Did Big Labor Sabotage the 2020 U.S. Census?

Thanks to freedom-loving citizens’ recent successes, the growth in Right to Work states’ political influence has greatly accelerated since 2012. How far would Big Labor bosses go to stall the trend?

A Million+ Nonexistent People to Have U.S. House Representation

Over the years, the ceaseless out-migration of employees and businesses from states where Big Labor can still get people terminated for refusal to bankroll a union they don’t want has helped substantially reduce the clout such states wield in federal politics.

The power of forced-dues bastions like California and New York over Washington, D.C., has suffered even more with the enactment, since 2012, of five new state laws protecting the Right to Work, brought about by grassroots activists with the National Right to Work Committee’s financial and strategic support.

As recently as 1980, Right to Work states (then 20 in number) collectively carried just 173 of the 270 electoral votes needed by a presidential hopeful to win the White House, and contained just 133 of the 218 congressional seats needed to capture a U.S. House majority.

The 27 Right to Work States Now Constitute an Electoral College Majority

By 2020, a U.S. presidential candidate could win a 270-268 electoral vote majority just by carrying all of the by-then 27 Right to Work states, and 49.7% of all U.S. House seats were located in Right to Work states.

Virtually all pundits expected forced-unionism states’ political clout to take another substantial hit once the post-2020 U.S. Census congressional redistricting mandated under our Constitution went into effect.

But when the counts for state populations in the latest decennial Census were announced early last year, they showed a much smaller shift of population to Right to Work states than had occurred in the past, or than had been anticipated.

Consequently, there is a net shift of just two U.S. House seats from forced-unionism states to Right to Work states in the new congressional maps that are being used for the first time this year. 

In the 2024 presidential election, unless an additional state Right to Work law is adopted between now and then, Right to Work states will collectively carry 272 electoral votes, just two more than they did in 2020.

Does the Census count show that forced-unionism New York and California are less unattractive to employees and business owners than previously thought, as some Empire and Golden State boosters tried to suggest last year?

Far from it.

This May 19, the Bureau of the Census (BOC) published the results of its post-enumeration analysis, as it does after every decennial enumeration of the U.S. population.

COVID-19 Is No Excuse For Counting People Who Aren’t There

The BOC now openly acknowledges that the 2020 Census was unprecedentedly inaccurate.

 BOC rank-and-file employees are subject to the monopoly-bargaining control of the rabidly political and partisan American Federation of Government Employees (AFGE) union. 

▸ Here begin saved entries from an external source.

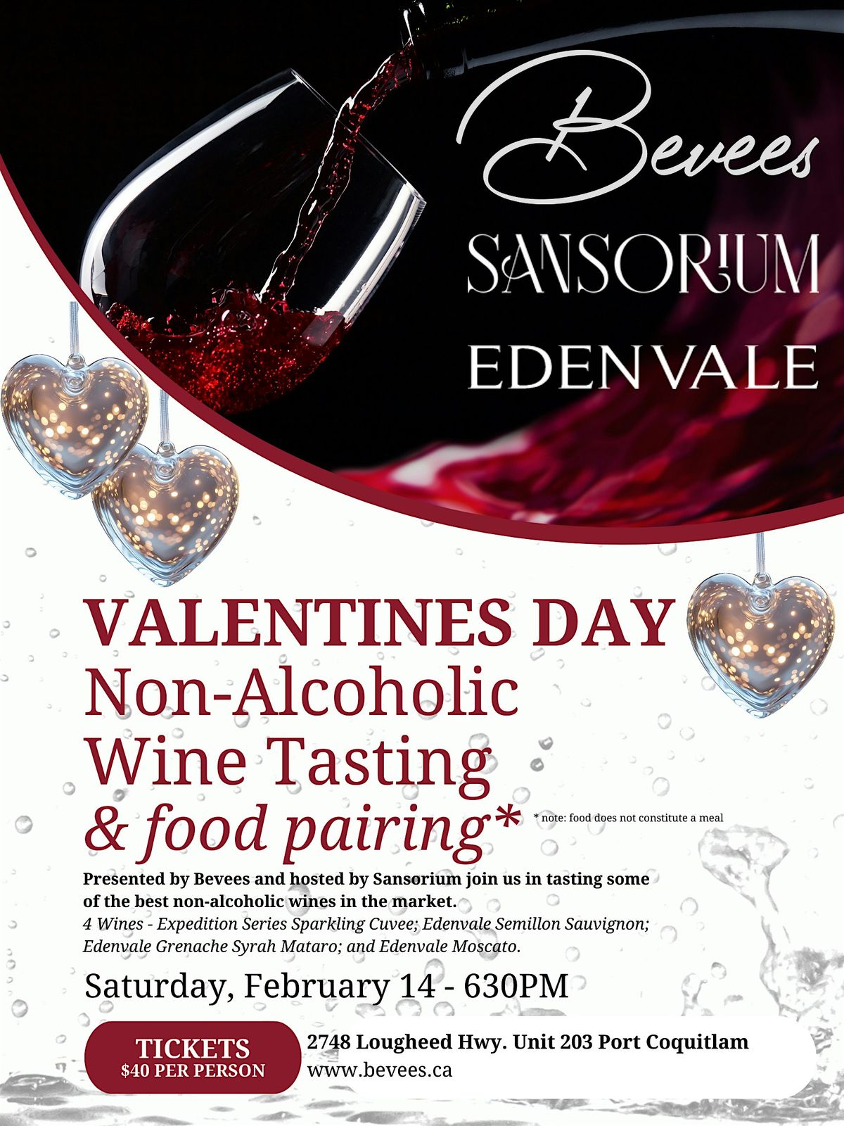 Welcome to Valentines Day Non-Alcoholic Wine Tasting & Food Pairing at Bevees Booze-Free Bottle Shop & Beverage Room! Join us on February 14, 2026 at 6:30 PM for a delightful evening of exquisite flavors and great company. Indulge in a selection of Australian non-alcoholic wines from Edenvale expertly paired with delicious bites. This event is perfect for wine enthusiasts looking for a unique experience. Come celebrate love and friendship in a cozy setting. We can't wait to see you there! (Pacific Time)
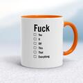 A Fuck For All Occasions Mug A rude mug with "Fuck" and a range of options - "You", "It", "Off", "This", "That" and "Everything" printed on both sides. Simple and straight to the poi...
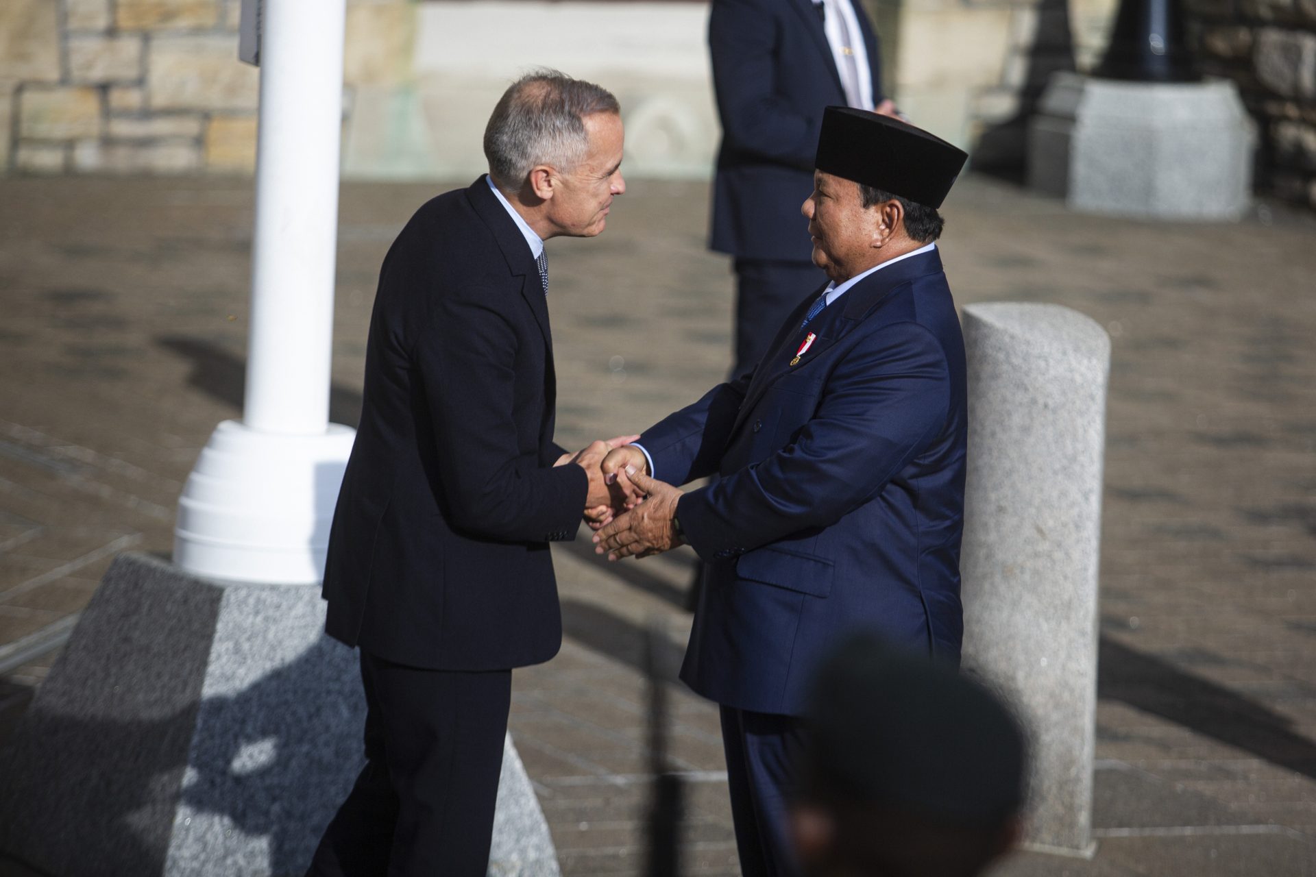 Prime Minister Mark Carney welcomes Indonesian President Prabowo Subianto to West Block on Sept. 24, 2025, for a working visit to sign a comprehensive economic partnership agreement and defence co-operation agreement. The Hill Times photograph by Andrew Meade
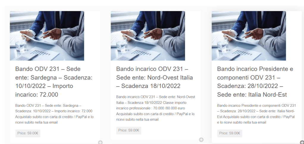 2 nuovi bandi per incarico ODV 231 – Importi incarichi: 72.000 euro / cadauno
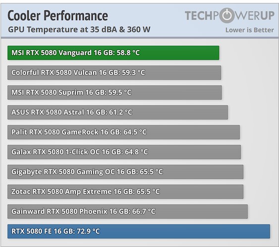 Короче судя по первым обзорам карт 5080 от партнеров, MSI Vanguard топ, самый холодный и тихий. Наравне, или даже опережает суприма. Жаль дешевые бомжеверсии никто не тестит все ринулись Астрал обозревать
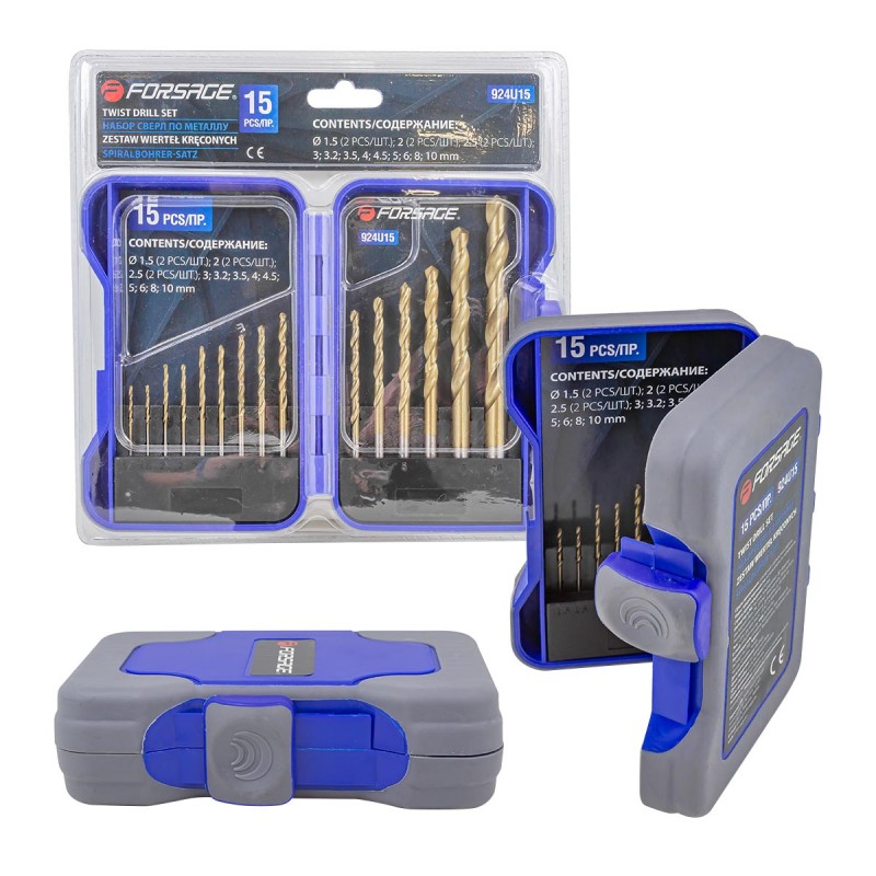 F-924U15 Набор сверл по металлу 15пр(1.5-2шт,2-2шт,2.5-2шт,3,3.2,3.5,4,4.5,5,6,8,10мм)в кейсе

And they reportedly counted more than a million nonexistent people in forced-unionism Hawaii, Delaware, Rhode Island, Minnesota, New York, Massachusetts and Ohio.

As a consequence of these over-counts, Rhode Island, Minnesota, and possibly New York held on to one House seat apiece that they should have lost. At the same time, BOC under-counts of the populations of Right to Work Florida and Texas probably cost these states one House seat apiece.

Among the eight substantially over-counted states, only one, Utah, has a Right to Work law, and in this case the miscount did not make any difference with regard to redistricting.

National Right to Work Committee Vice President Matthew Leen commented:

“BOC spokesmen are now trying to scapegoat the COVID-19 pandemic for false numbers used to distribute U.S. House seats and presidential electoral votes in ways that benefit Big Labor.

“This is hard to credit. COVID-19 doesn’t make you count people who aren’t there. Unfortunately, under binding Supreme Court precedents, Americans will be stuck with House and electoral vote allocations based on false numbers until the next Census is completed.”